=== BRIEF ===
Only the text should come through, so restate the listing exactly and drop its images.

=== SUPPLIED INFORMATION ===
········

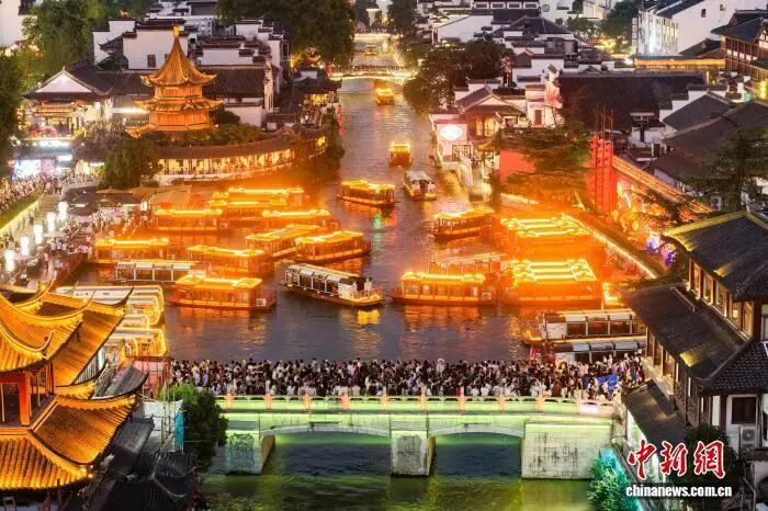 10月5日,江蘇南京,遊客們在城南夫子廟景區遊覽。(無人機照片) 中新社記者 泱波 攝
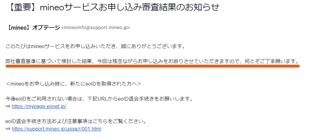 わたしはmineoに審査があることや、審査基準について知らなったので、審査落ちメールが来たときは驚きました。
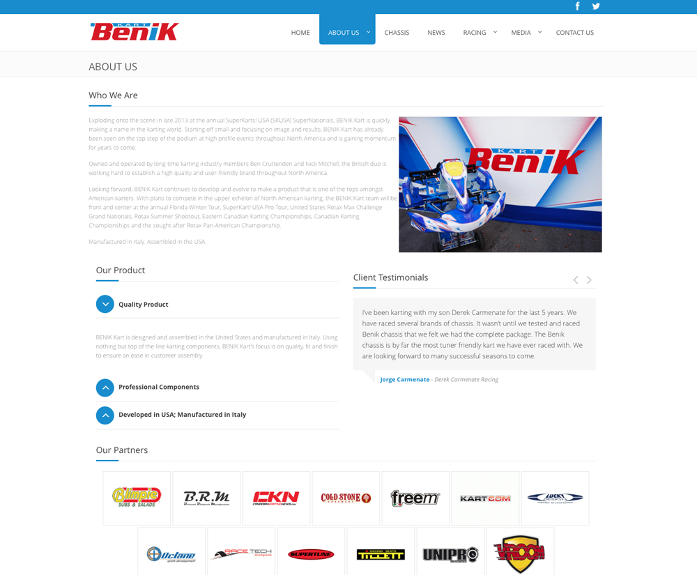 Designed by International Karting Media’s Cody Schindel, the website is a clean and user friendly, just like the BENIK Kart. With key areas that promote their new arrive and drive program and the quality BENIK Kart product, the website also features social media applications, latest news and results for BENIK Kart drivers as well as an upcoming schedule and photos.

········

=== EXERCISE ANSWER ===
 10月5日,江蘇南京,遊客們在城南夫子廟景區遊覽。(無人機照片) 中新社記者 泱波 攝
 わたしはmineoに審査があることや、審査基準について知らなったので、審査落ちメールが来たときは驚きました。
 Designed by International Karting Media’s Cody Schindel, the website is a clean and user friendly, just like the BENIK Kart. With key areas that promote their new arrive and drive program and the quality BENIK Kart product, the website also features social media applications, latest news and results for BENIK Kart drivers as well as an upcoming schedule and photos.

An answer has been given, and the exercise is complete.